Bagi yang tidak melaksanakan kewajiban di atas dapat dikenai sanksi administratif berupa teguran tertulis, denda administratif, pembekuan perizinan berusaha atau pencabutan perizinan berusaha. Pasal 118 dan Pasal 119 UU No.8 Tahun 2019 tentang Penyelenggaraan Ibadah Haji dan Umrah, menegaskan bahwa PIHK dan PPIU dilarang melakukan perbuatan yang menyebabkan kegagalan keberangkatan, penelantaran, atau kegagalan kepulangan jemaah haji khusus.

Lebih lanjut, PIHK dan PPIU yang dengan sengaja menyebabkan kegagalan keberangkatan, penelantaran, atau kegagalan kepulangan jemaah haji khusus/jemaah umrah dikenai sanksi administratif berupa penghentian sementara kegiatan, denda administratif, paksaan pemerintah, pembekuan perizinan berusaha, dan/atau pencabutan perizinan berusaha. Selain itu, PIHK dan PPIU dikenai sanksi berupa kewajiban untuk mengembalikan sejumlah biaya yang disetorkan oleh jemaah haji/umrah serta kerugian imateriel lainnya.

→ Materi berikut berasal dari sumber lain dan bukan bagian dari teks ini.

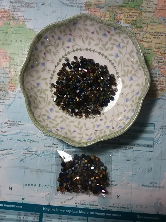 Бусинки вроде бы из стекла, очень офхигенно блестят, по количеству совпадает, даже чуть больше.

Selain sanksi yang ditetapkan dalam UU 8/2019, penipuan yang dilakukan oleh biro perjalanan haji/umrah dapat diproses secara pidana. Merujuk Pasal 378 KUHP lama dan Pasal 492 UU No.1 Tahun 2023 yang mulai berlaku 3 tahun terhitung sejak tanggal diundangkan, apabila pihak yang menyelenggarakan perjalanan ibadah haji/umrah tersebut secara melawan hukum dengan tipu muslihat dan/atau rangkaian kebohongan menggerakkan calon jemaah haji/umrah untuk menyerahkan sesuatu kepadanya, seperti sejumlah uang dengan maksud untuk menguntungkan diri sendiri atau orang lain dengan melawan hak, maka langkah hukum yang dapat dilakukan oleh pihak yang dirugikan adalah menuntut secara pidana penyelenggara perjalanan ibadah haji/umrah atas dasar tindak pidana penipuan.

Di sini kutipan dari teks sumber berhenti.